Retrospective studies report ~60% concordance between tissue- and plasma-based molecular profiling, with ~20% of variants unique to either source [48]. ESR1^mut^ are the most frequent mutations exclusive to ctDNA (55%), while PIK3CA^mut^ demonstrated the highest concordance (70%) [48]. The prospective plasmaMATCH trial reported 93% sensitivity for ctDNA detection of ESR1, PIK3CA, HER2 and AKT1 mutations compared to tissue sequencing, which increased to 98% with contemporaneous sampling [54]. Meta-analyses confirm high sensitivity and specificity for ctDNA detection of ESR1^mut^ (sensitivity 75.5%; specificity 88.2%) and PIK3CA^mut^ (sensitivity 73%; specificity 83%) [55,56]. Dynamic ctDNA monitoring has been proposed as a surrogate biomarker of treatment efficacy. In MONALEESA-3, ctDNA changes between cycles 1 and 4 correlated strongly with PFS (HR 0.29, 95% CI 0.22–0.38 and p < 0.0001) and OS (HR 0.23, 95% CI 0.17–0.31 and p < 0.0001) [57].
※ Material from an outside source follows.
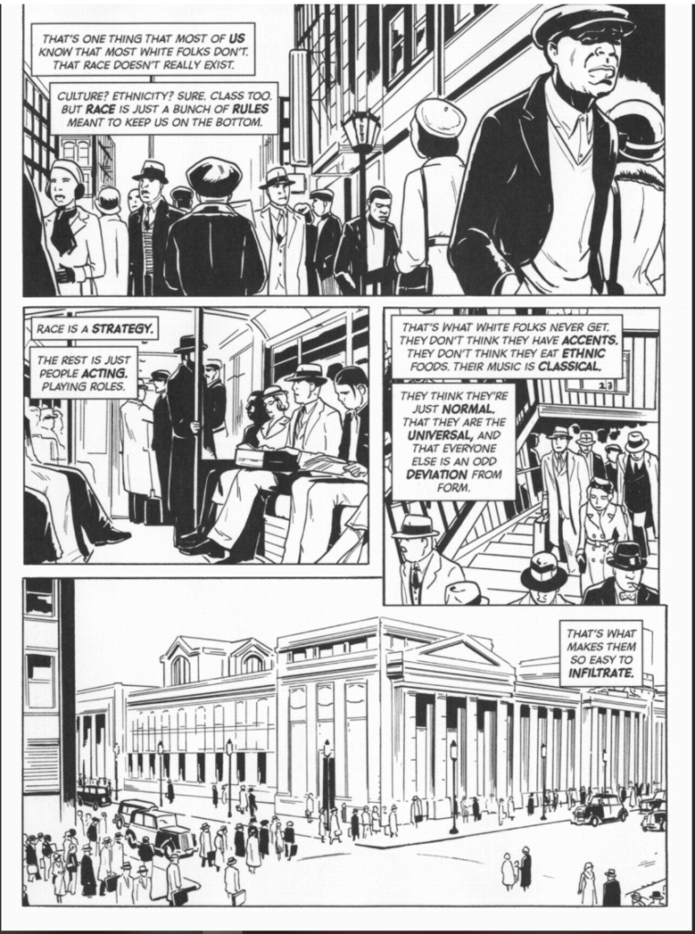 All of this leads me to the panels that lie underneath Zane’s narration. He talks about how easy it is for him to infiltrate white spaces due to white narcissism and our view that we are the center of the world. Working through the social constructions of race, we see Zane, in the first panel, walking along a street in Harlem, He is one of many African Americans strolling down the concrete. We see detail here. Each person has a level of detail that mirrors Zane’s. In the second panel, we see Zane on a subway car. An Orthodox Jewish man stands behind a pole in the middle of the panel, half obscured from our view. Zane sits with Blacks and whites on the right hand side of the panel. Less detail appears on passengers’ faces than the previous panel.

Together, these findings support ctDNA as a valuable tool for molecular profiling in advanced ER-positive breast cancer, although tissue biopsy remains critical for initial diagnosis and IHC assessment [54].
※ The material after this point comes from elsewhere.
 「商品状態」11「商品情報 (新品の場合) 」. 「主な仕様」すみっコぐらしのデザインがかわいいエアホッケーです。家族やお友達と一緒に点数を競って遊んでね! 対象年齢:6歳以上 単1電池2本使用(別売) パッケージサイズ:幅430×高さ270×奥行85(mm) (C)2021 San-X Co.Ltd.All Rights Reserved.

4. Therapies Targeting Genomic Aberrations in Advanced ER-Positive Breast Cancer
Genomic profiling plays a critical role in identifying targetable alterations in advanced ER-positive breast cancer, offering the potential to improve clinical outcomes [48]. Several mutations are classified as ESMO ESCAT tier I or II, denoting readiness for clinical use or promising investigational therapies (Table 1) [26]. The identification of tumour-specific oncogenic driver mutations has triggered a surge in drug development and reshaped the clinical trial landscape (Figure 3).
4.1. ESR1 Mutations
New therapies that degrade ERs have been developed to retain clinical activity in ESR1^mut^ by targeting both mutant and wild-type ERα, unlike conventional endocrine therapies such as AIs [10,58]. The phase III SoFEA and EFECT trials demonstrated that ESR1^mut^ predicted poor response to AIs, with improved outcomes using fulvestrant, a first-generation intramuscular selective ER degrader (SERD) (median PFS 2.4 vs. 3.9 months; HR 0.59, p = 0.01) [58]. However, the efficacy of fulvestrant has been limited by poor bioavailability and limited dosing [10,46].
Elacestrant, a next-generation oral SERD, received FDA approval based on the phase III EMERALD trial [9,10,28]. Elacestrant significantly improved PFS compared to standard endocrine monotherapy in patients who progressed with endocrine therapy and a CDK4/6 inhibitor (HR 0.70, 95% CI 0.55–0.88 and p = 0.002), with greater benefit observed in ESR1^mut^ tumours (HR 0.55, 95% CI 0.39–0.77 and p = 0.0005) [28]. In a post hoc analysis, a longer duration of prior CDK4/6 inhibitor (>12 months) was predicted for superior PFS of 8.6 months in those receiving elacestrant vs. 1.9 months for those receiving standard endocrine therapy (HR 0.41, 95% CI 0.26–0.63 and p = 0.014) [59]. These results informed FDA approval criteria and highlight the importance of integrating molecular characteristics and functional response to prior therapy to optimise patient selection for second-line endocrine monotherapy.
The phase II SERENA-2 trial evaluated camizestrant, an oral SERD, in the second-line setting, demonstrating superior PFS compared with fulvestrant in the overall population (7.2 vs. 3.7 months; HR 0.59, 90% CI 0.42–0.82 and p = 0.0170) [60]. This correlated with early reductions of ctDNA ESR1 variant allele frequency (VAF) by cycle 2 [60]. Other oral SERDs investigated in the second-line setting include imlunestrant (phase III EMBER-3 trial) and giredestrant (phase II acelERA trial), both demonstrating benefits limited to the ESR1^mut^ population [61,62].
In the phase III VERITAC trial, vepdegestrant, an ER proteolytic-targeting chimera (PROTAC) degrader, demonstrated superior efficacy to fulvestrant in the ESR1^mut^ population (PFS 5.0 vs. 2.1 months; HR 0.58, p < 0.001) [63].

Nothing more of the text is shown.